Transcribe each entry exactly; skip the images.

BEGIN Dataset

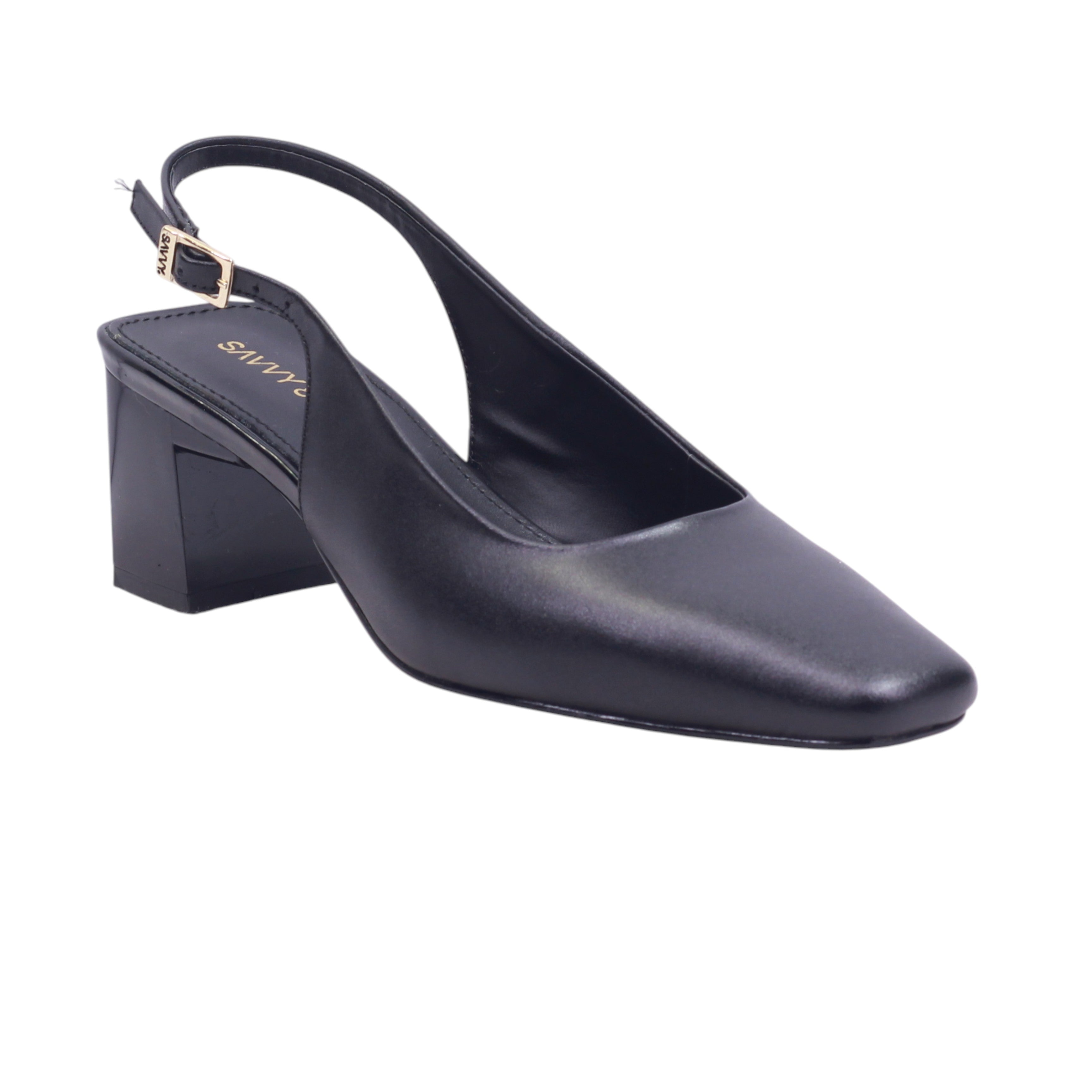 Zapatilla acharolado tipo slingback con tacón alto y diseño estilizado
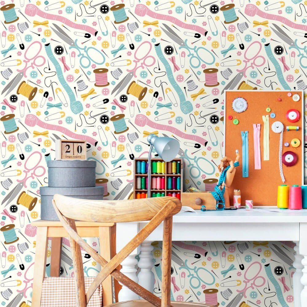 O Papel de Parede Costura é fabricado em adesivo vinil fosco 3M, autocolante e com excelente qualidade de impressão. Não precisando de cola.
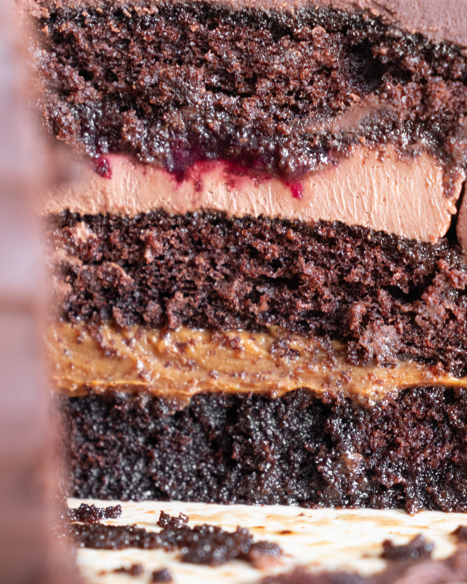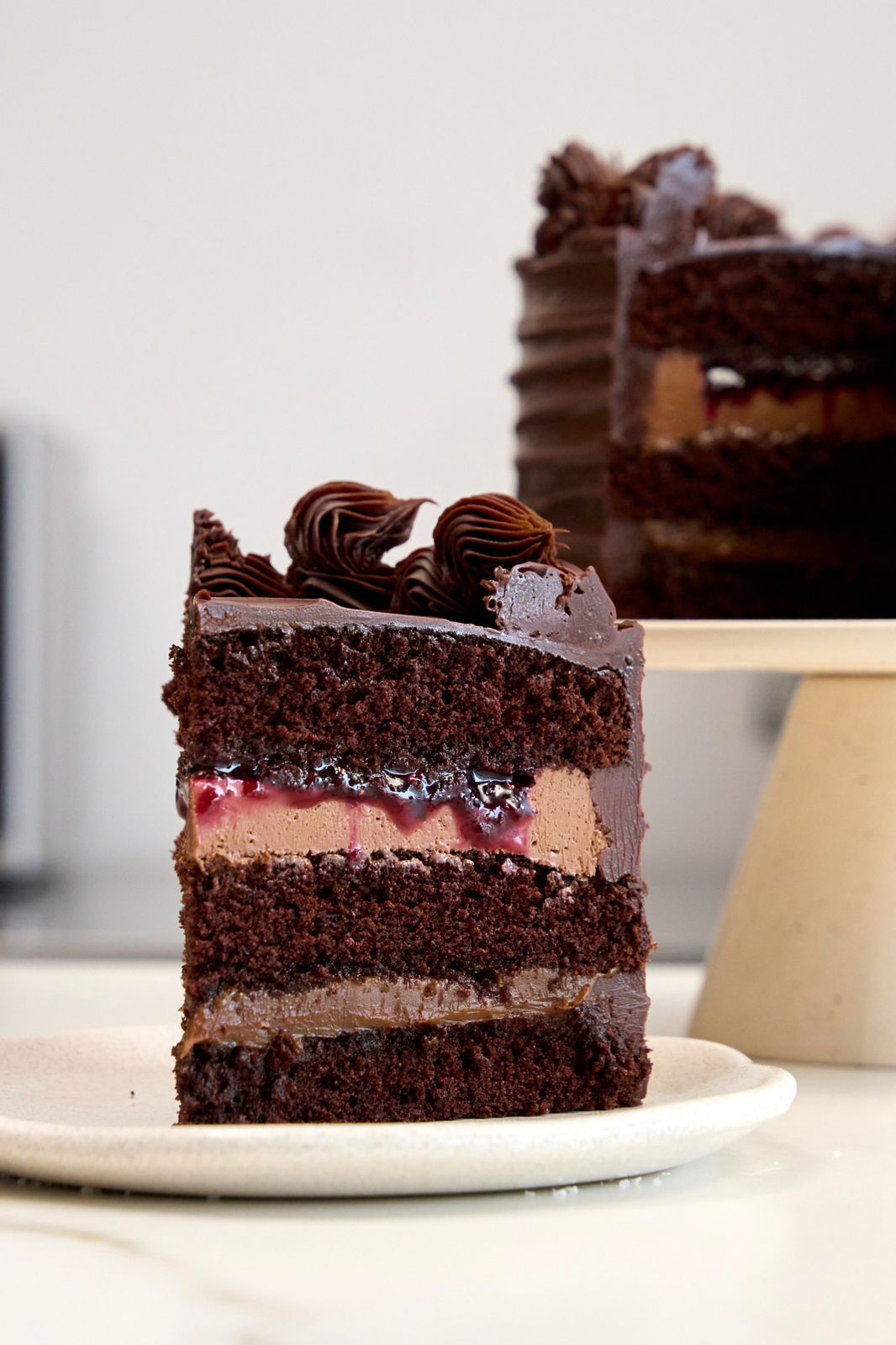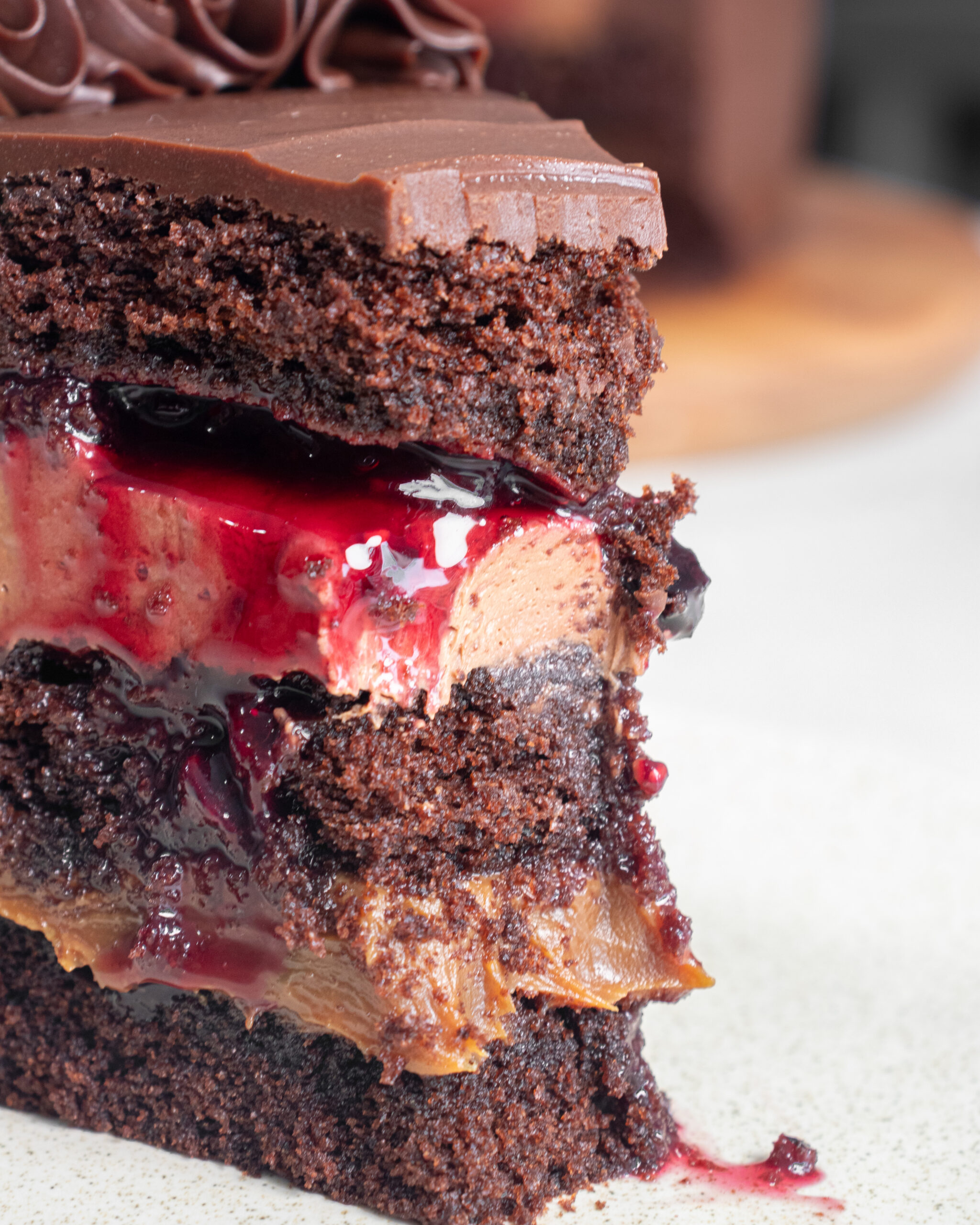 Tres bizcochos húmedos de chocolate cubiertos con una deliciosa ganache de chocolate semiamargo.
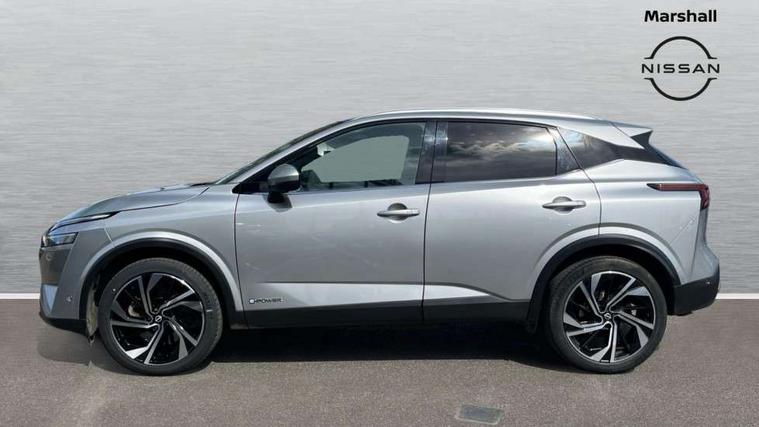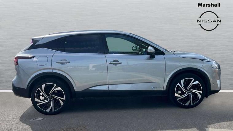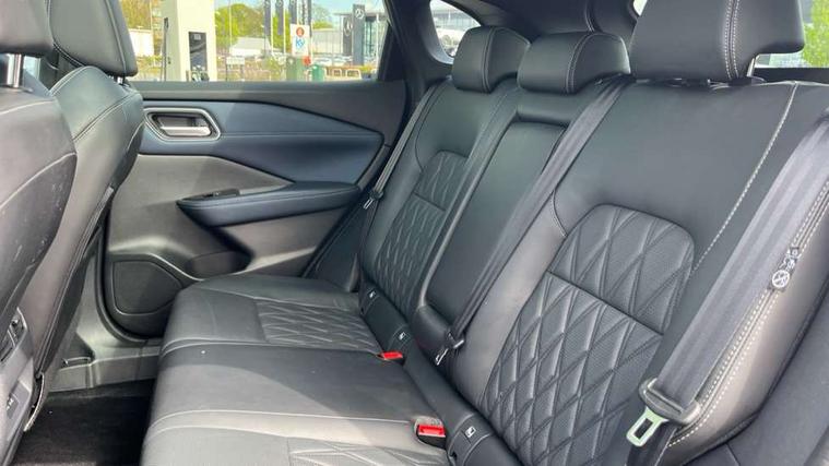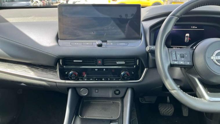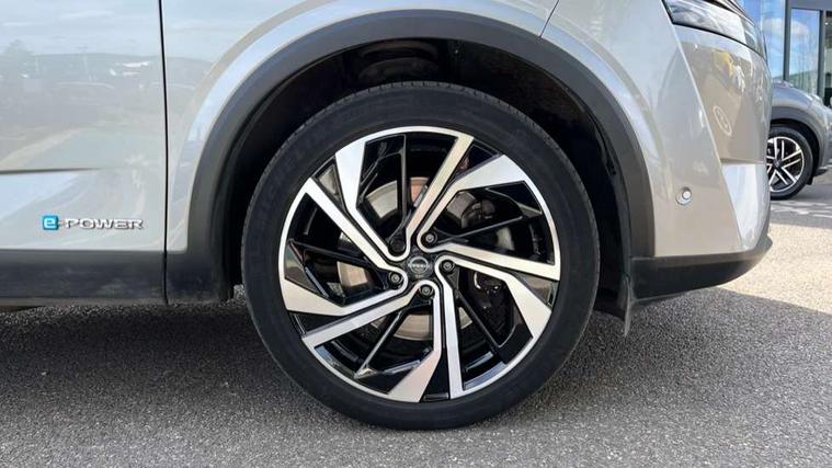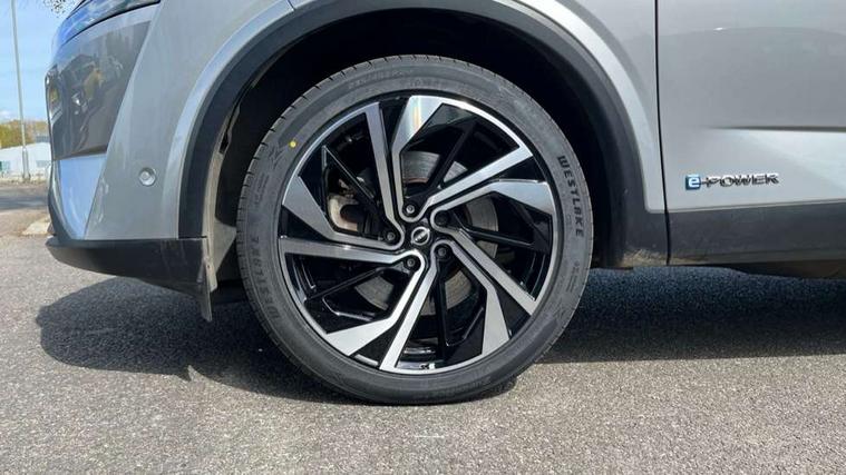 Advanced windscreen head up display, Android auto/Apple CarPlay (Wired), Blind spot warning, Drive modes (sport, normal, eco), Electric speed sensitive power steering, Emergency and breakdown call, Front and rear parking sensors, Full Digital 12.3" TFT Digital Combimeter, Google maps services - search, weather, 3D maps and Google street view, Hands free power tailgate, Idle stop/start system, Intelligent around view monitor, Intelligent Cruise control (ICC), Intelligent driver alert system, Intelligent forward collision warning, Intelligent lane intervention, Lane departure prevention, Lane departure warning system, Lane keep assist, Moving object detection, Nissan connect 12.3 inch touchscreen infotainment system, Nissan connect navigation, Pro pilot park assist, ProPILOT with Navi-Link, Push button starter, Rear cross traffic alert, Rear view camera, Remote control services - door locks, lights, horn and car locator, Telematics - notifications and connectivity services, TomTom live traffic services, Traffic sign recognition with legal speed adjustment, Trip computer, Virtual personal assistant and firmware over the air capability, Wireless apple carplay, Wireless charging pad, 10 Bose speakers - 2 tweeters, 6 high and medium frequency door speakers and 2 in subwoofer, AM/FM audio system with DAB, Bluetooth audio streaming, Bose acoustimass bass box, Digital amplifier, Front USB connections (Type-A and Type-C), Rear USB charging only ports (Type-A and Type-C), Auto dimming rear view mirror, Auto rear wiper when reversing, Automatic hazard signal with emergency stop signal, Body colour mirror caps, Body coloured door handles, Bodyside mouldings, Chrome side window finisher, Door handle with button, Door mirror memory, e-POWER badging, Electric auto folding door mirrors, Electrically adjustable and heated door mirrors with LED turn indicator, Follow me home headlights, Front and rear LED turning signals, Headlights auto levelling system, Intelligent auto headlights, LED daytime running lights, LED front fog lights, LED headlights with adaptive driving beam, LED rear lights, One touch front and rear electric windows with remote opening and closing, Privacy glass, Rear bumper with graphite insert, Rear reversing light (bulb lighting), Rear roof spoiler, Rear side wing doors, Rear styling plate, Reverse tilting door mirrors, Shark fin antenna, Splash free rain sensing wipers, Super UV and infrared cut glass, Thermaclear heated windscreen, Three blink turn signal, 12v power socket in dashboard and luggage, 2x Rear coat hooks, 3 bench rear seats in 2nd row, 3 rear headrests, 4 folding assist grip, 6 Luggage hooks - 4 on floor, 2 on side, 60/40 split folding rear seat bench, Ambient lighting around centre console, Ambient lighting in front doors, Centre console storage tray, Chrome interior door handles, Dark black/blueish PVC wrapping, Dark headlining, Driver and front passenger sunvisors with illuminated vanity mirrors, Driver seat back pocket, Dual zone automatic climate control with pollen filter, e-POWER shifter, Electric 4-way lumbar support for drivers seat, Electric adjustable 4 way lumbar support for passenger seat, Electrically adjustable driver seat with massage and memory functions, Front and rear door storage, Front centre console and armrest, Front cupholders x 2, Front door with bottle holders, Glovebox with light, Hard trunk cover, Heated front seats, Heated steering wheel, Height adjustable driver's seat, Height adjustable front headrests, Height adjustable passenger seat, Leather steering wheel, Luggage board system, Luggage space lighting, Manually adjustable passenger (slide recline + lifter), Multifunction steering wheel, Passenger seat back pocket, Quilted premium leather upholstery, Rear armrest with 2 cupholders, Rear door bottle holders, Single front passenger seat, Soft PVC kneepad, Steering wheel switches, Tilt/telescopic adjustable steering wheel, Two rear isofix child seat anchorage points with top tether, Welcome light and doors with console tray ambient lighting, Glass roof pack with roof rails - Qashqai, 3x3 point rear seatbelt pretensioners + load limiters, ABS with EBD and brake assist, Active brake limited slip, Auto hold function, Child locks on rear doors, Curtain and front side, far side airbags, Driver and passenger airbags, Driver, passenger and 2nd row rear seat belt reminder, Electronic parking brake, Front seatbelt pretensioners + load limiters, Height adjustable front seatbelts, Hill start assist, Intelligent blind spot intervention, Intelligent front emergency braking with pedestrian, cyclist recognition and junction assist, Intelligent rear automatic braking, Tyre pressure monitoring system, Vehicle dynamic control, Advance intelligent key with driver memory storage (seats, mirrors, audio), Capless fuel filler, Engine immobiliser, Remote central door locking with deadlocking, Thatcham Cat.1 alarm, Interior instrumental panel C finisher, 20" Diamond cut alloy wheels, Tyre puncture repair kit,
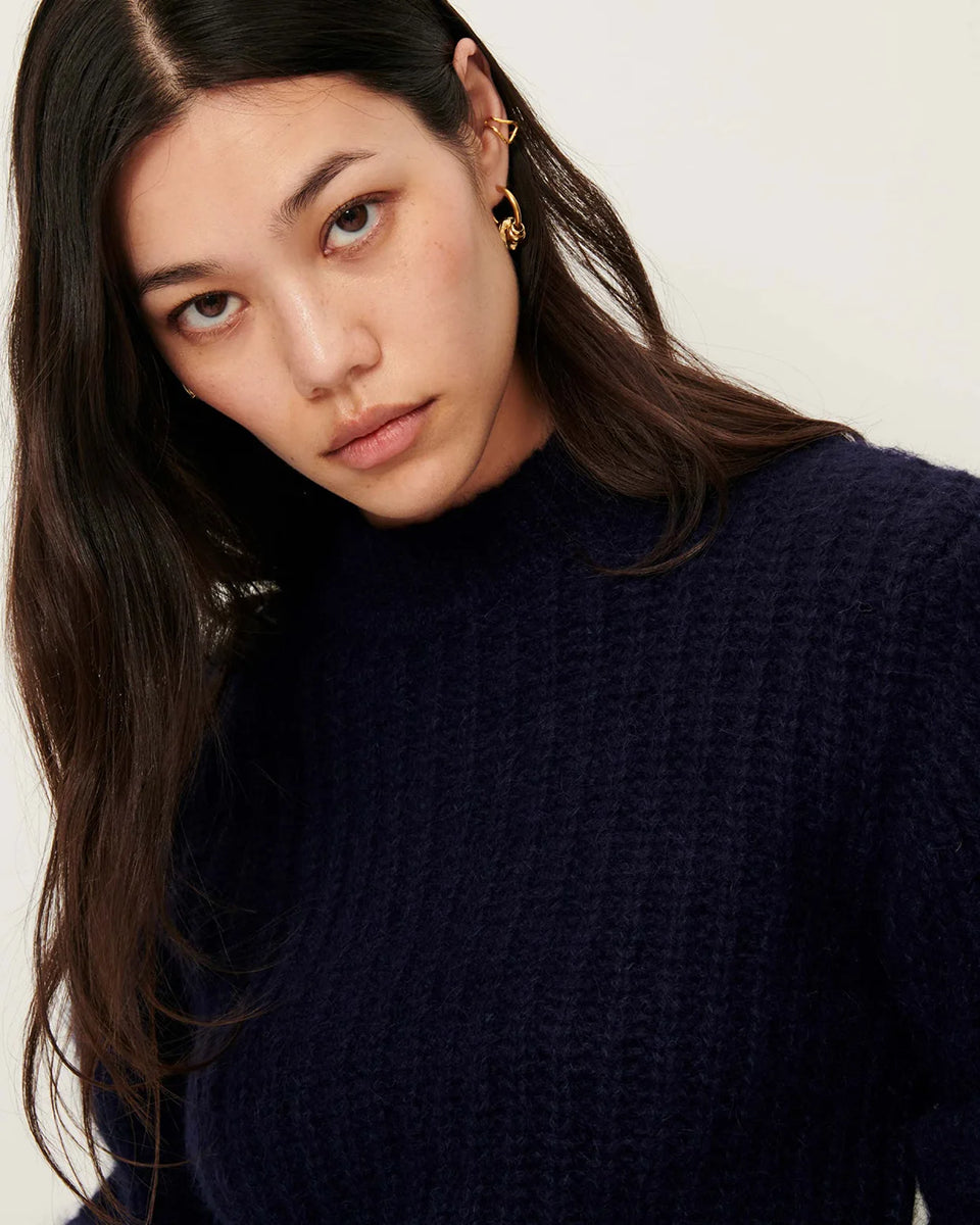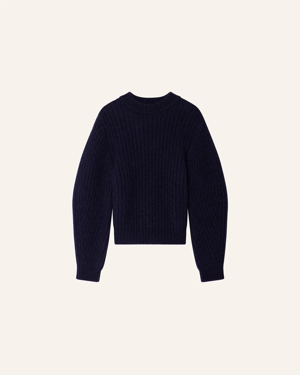 Granatowy, krótki sweter Eole Navy francuskiej marki Sessun z okrągłym dekoltem i długimi bufiastymi rękawami. Wykonany z puszystej dzianiny typu half-cardigan.

END Dataset

• The completed task:
 Zapatilla acharolado tipo slingback con tacón alto y diseño estilizado
 O Papel de Parede Costura é fabricado em adesivo vinil fosco 3M, autocolante e com excelente qualidade de impressão. Não precisando de cola.
 Tres bizcochos húmedos de chocolate cubiertos con una deliciosa ganache de chocolate semiamargo.
 Advanced windscreen head up display, Android auto/Apple CarPlay (Wired), Blind spot warning, Drive modes (sport, normal, eco), Electric speed sensitive power steering, Emergency and breakdown call, Front and rear parking sensors, Full Digital 12.3" TFT Digital Combimeter, Google maps services - search, weather, 3D maps and Google street view, Hands free power tailgate, Idle stop/start system, Intelligent around view monitor, Intelligent Cruise control (ICC), Intelligent driver alert system, Intelligent forward collision warning, Intelligent lane intervention, Lane departure prevention, Lane departure warning system, Lane keep assist, Moving object detection, Nissan connect 12.3 inch touchscreen infotainment system, Nissan connect navigation, Pro pilot park assist, ProPILOT with Navi-Link, Push button starter, Rear cross traffic alert, Rear view camera, Remote control services - door locks, lights, horn and car locator, Telematics - notifications and connectivity services, TomTom live traffic services, Traffic sign recognition with legal speed adjustment, Trip computer, Virtual personal assistant and firmware over the air capability, Wireless apple carplay, Wireless charging pad, 10 Bose speakers - 2 tweeters, 6 high and medium frequency door speakers and 2 in subwoofer, AM/FM audio system with DAB, Bluetooth audio streaming, Bose acoustimass bass box, Digital amplifier, Front USB connections (Type-A and Type-C), Rear USB charging only ports (Type-A and Type-C), Auto dimming rear view mirror, Auto rear wiper when reversing, Automatic hazard signal with emergency stop signal, Body colour mirror caps, Body coloured door handles, Bodyside mouldings, Chrome side window finisher, Door handle with button, Door mirror memory, e-POWER badging, Electric auto folding door mirrors, Electrically adjustable and heated door mirrors with LED turn indicator, Follow me home headlights, Front and rear LED turning signals, Headlights auto levelling system, Intelligent auto headlights, LED daytime running lights, LED front fog lights, LED headlights with adaptive driving beam, LED rear lights, One touch front and rear electric windows with remote opening and closing, Privacy glass, Rear bumper with graphite insert, Rear reversing light (bulb lighting), Rear roof spoiler, Rear side wing doors, Rear styling plate, Reverse tilting door mirrors, Shark fin antenna, Splash free rain sensing wipers, Super UV and infrared cut glass, Thermaclear heated windscreen, Three blink turn signal, 12v power socket in dashboard and luggage, 2x Rear coat hooks, 3 bench rear seats in 2nd row, 3 rear headrests, 4 folding assist grip, 6 Luggage hooks - 4 on floor, 2 on side, 60/40 split folding rear seat bench, Ambient lighting around centre console, Ambient lighting in front doors, Centre console storage tray, Chrome interior door handles, Dark black/blueish PVC wrapping, Dark headlining, Driver and front passenger sunvisors with illuminated vanity mirrors, Driver seat back pocket, Dual zone automatic climate control with pollen filter, e-POWER shifter, Electric 4-way lumbar support for drivers seat, Electric adjustable 4 way lumbar support for passenger seat, Electrically adjustable driver seat with massage and memory functions, Front and rear door storage, Front centre console and armrest, Front cupholders x 2, Front door with bottle holders, Glovebox with light, Hard trunk cover, Heated front seats, Heated steering wheel, Height adjustable driver's seat, Height adjustable front headrests, Height adjustable passenger seat, Leather steering wheel, Luggage board system, Luggage space lighting, Manually adjustable passenger (slide recline + lifter), Multifunction steering wheel, Passenger seat back pocket, Quilted premium leather upholstery, Rear armrest with 2 cupholders, Rear door bottle holders, Single front passenger seat, Soft PVC kneepad, Steering wheel switches, Tilt/telescopic adjustable steering wheel, Two rear isofix child seat anchorage points with top tether, Welcome light and doors with console tray ambient lighting, Glass roof pack with roof rails - Qashqai, 3x3 point rear seatbelt pretensioners + load limiters, ABS with EBD and brake assist, Active brake limited slip, Auto hold function, Child locks on rear doors, Curtain and front side, far side airbags, Driver and passenger airbags, Driver, passenger and 2nd row rear seat belt reminder, Electronic parking brake, Front seatbelt pretensioners + load limiters, Height adjustable front seatbelts, Hill start assist, Intelligent blind spot intervention, Intelligent front emergency braking with pedestrian, cyclist recognition and junction assist, Intelligent rear automatic braking, Tyre pressure monitoring system, Vehicle dynamic control, Advance intelligent key with driver memory storage (seats, mirrors, audio), Capless fuel filler, Engine immobiliser, Remote central door locking with deadlocking, Thatcham Cat.1 alarm, Interior instrumental panel C finisher, 20" Diamond cut alloy wheels, Tyre puncture repair kit,
 Granatowy, krótki sweter Eole Navy francuskiej marki Sessun z okrągłym dekoltem i długimi bufiastymi rękawami. Wykonany z puszystej dzianiny typu half-cardigan.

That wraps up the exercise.